Thongor Fights the Pirates of Tarakus
- Cover art for the original edition.
- Author: Lin Carter
- Cover artist: Jeff Jones
- Language: English
- Series: Thongor series
- Genre: Fantasy
- Publisher: Berkley Medallion
- Publication date: 1970
- Publication place: United States
- Media type: Print (Paperback)
- Pages: 160
- Preceded by: Thongor at the End of Time
- Followed by: The Sword of Thongor

= Thongor Fights the Pirates of Tarakus =

1970 novel by Lin Carter

Thongor Fights the Pirates of Tarakus is a fantasy novel by American writer Lin Carter, the sixth book of his Thongor series set on the mythical continent of Lemuria. It was first published in paperback by Berkley Medallion in July 1970, and reprinted in June 1976. The first British edition was published in paperback by Tandem in August 1971, and reissued by Star in April 1979. The book has been translated into Japanese and French.

==Plot summary==
Kashtar, ruler of the pirate city-state of Tarakus, joins forces with a wizard who has dabbled in the forbidden secrets of lost Nianga, among them, a ray that causes madness--"the Gray Death," as it is known to its victims. With it, Kashtar hopes to conquer all Lemuria, and incidentally escape having his realm absorbed into the growing empire of Patanga, ruled by the upstart barbarian conqueror Thongor.

After Kashtar takes the best ship in Patanga's fleet and captures Thongor's old friend Karm Karvus, Thongor determines to free him and gain intelligence by sneaking into Tarakus. Posing as a crewman of Barim Redbeard, the pirate captain who helped his son escape Kashtar in the previous volume, he suits deed to word, only to be separated from his allies before he can reach his goal. He has to continue on to his goal on his own.
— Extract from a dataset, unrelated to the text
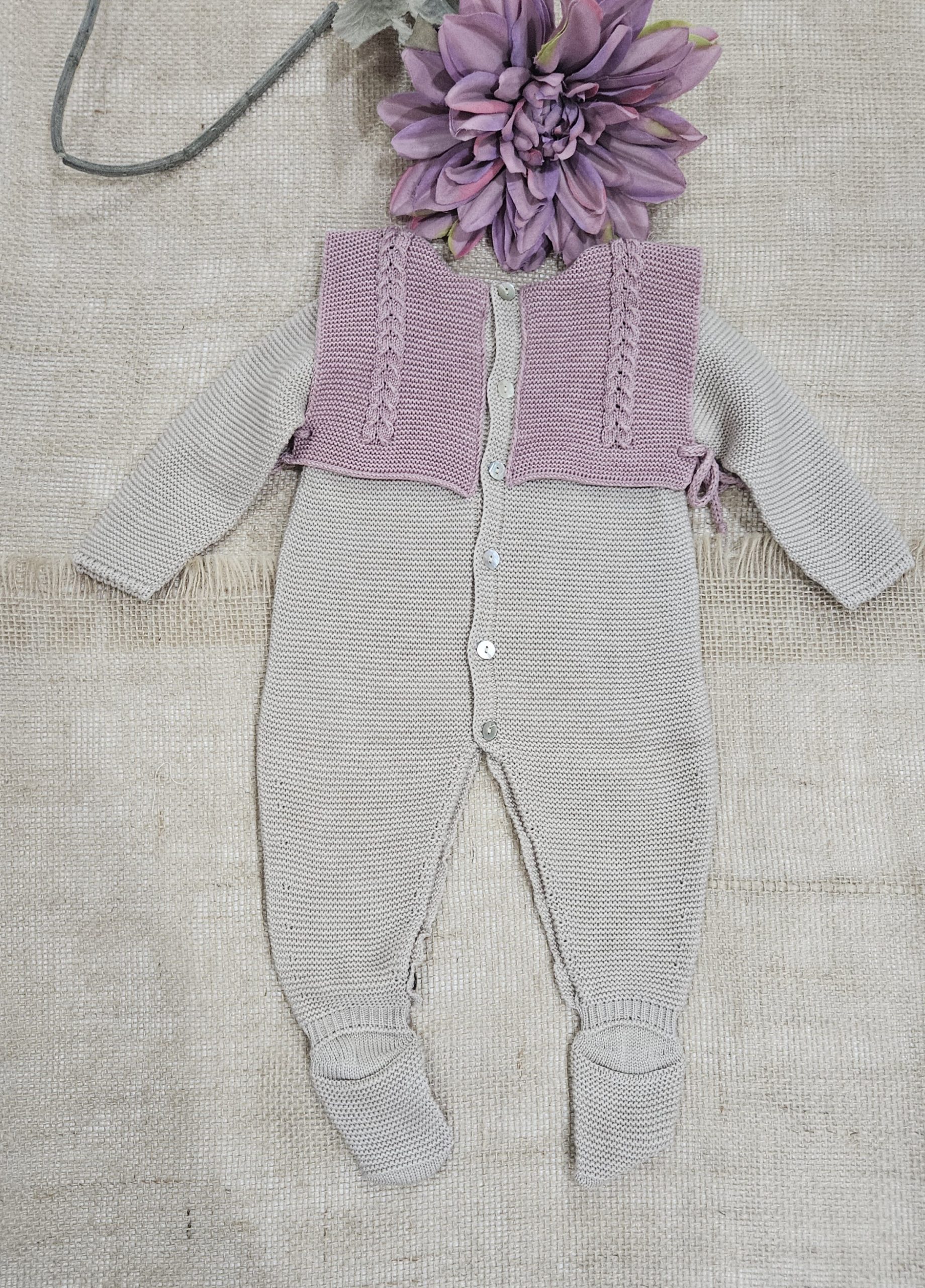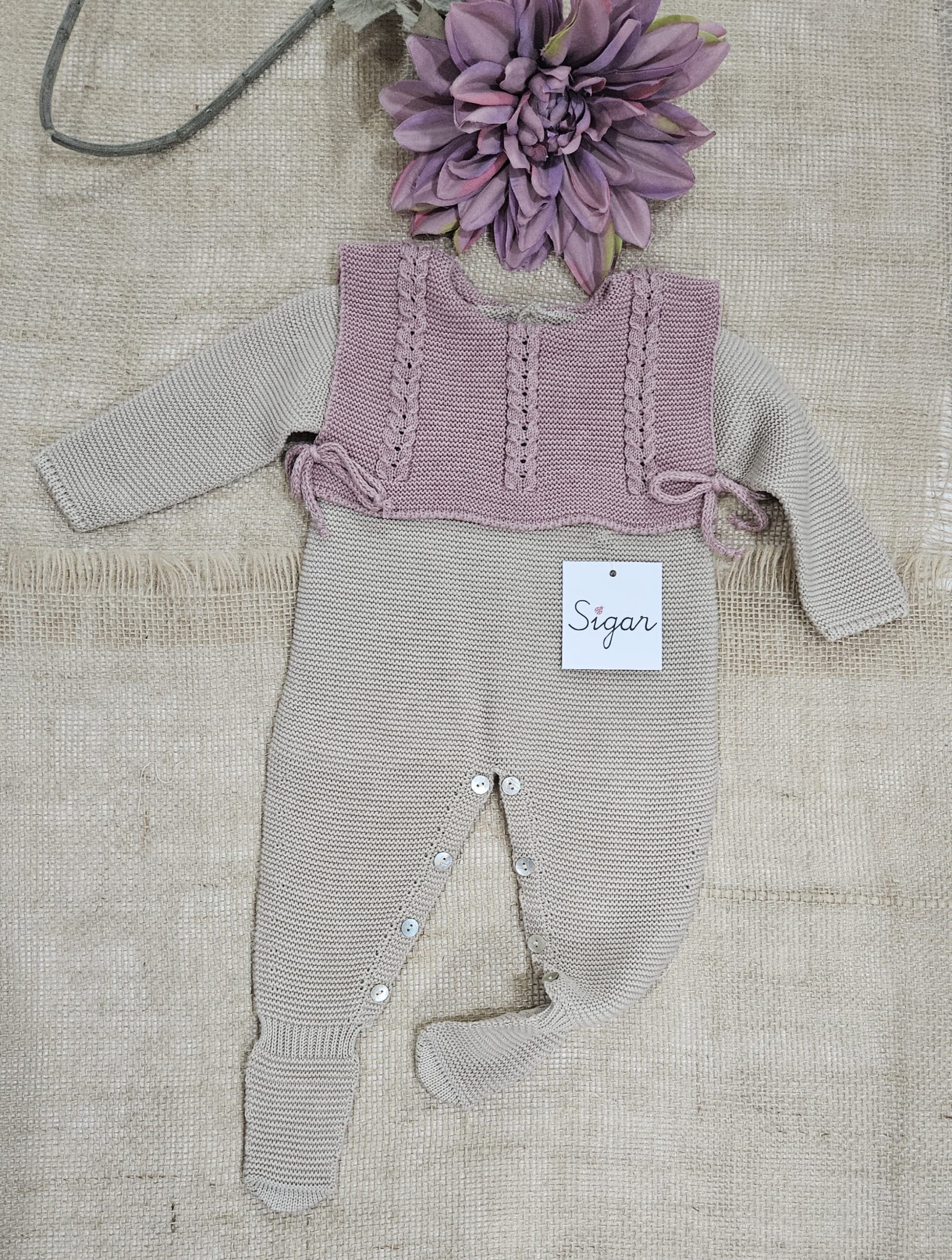 Pelele punto  bebé enterizo con pies – color Beig / Rosa pecherin tipo babero de punto   . Composición 100% acriclico (Dralón), punto bobo con botones en la parte trasera. Hilatura de excelente calidad y tacto muy suave y confortable.  Marca Sigar.

As Thongor approaches the city, he meets Karm Karvus, who has escaped on his own along with an imprisoned princess, and learns the pirate invasion fleet has set out for Patanga. Fortunately, they are able to link up again with Barim's ship and infiltrate the fleet as originally intended. Taking the ship bearing the death ray, they turn it on the enemy's own vessels. Once Tarakus is defeated in battle, it is annexed to Thongor's empire.

The book includes a frontispiece map by the author of part of Lemuria and concludes with an "Author's Note."

==Setting==
The Thongor series is Carter's premier entry in the Sword & Sorcery genre, representing a tribute to both the Conan series of Robert E. Howard and the Barsoom novels of Edgar Rice Burroughs. He pictures the lost continent of Lemuria as a prehistoric kingdom located in the Pacific Ocean during the Ice Age, where Mesozoic wildlife persisted after the cataclysm wiped them out elsewhere. An intelligent reptilian humanoid race descended from dinosaur reigned supreme as the dominant life form but was partially supplanted by humanity as the continent was colonized by fauna from outside Lemuria. Humans have gradually thrown off their subjection by the older civilization. Culturally, Lemuria is a mixture of civilization and barbarism but overall is precociously advanced over the outside world, boasting a magic-based technology that includes even flying machines. The Thongor books relate the struggle of the titular hero to unite the humans of Lemuria into a single empire and complete the overthrow of the "dragon kings".

==Reception==
Robert M. Price writes "[t]he Lemurian books pulse with a color and vitality that we miss in many of Lin Carter's later works. ... Yet to his relative inexperience we may also lay the blame for certain inconsistencies and failures to reckon with the implications of what he has written." Among these he notes "Thongor eating dates from the East as if he were in Europe" and "hail[ing] from [Lemuria's] wintry North," when, with the continent "south of the Equator, it would get hotter the further north you went!"

The novel was also reviewed by Charlie Brown in Locus no. 64, September 30, 1970, and Ted Pauls in Locus no. 74, February 14, 1971.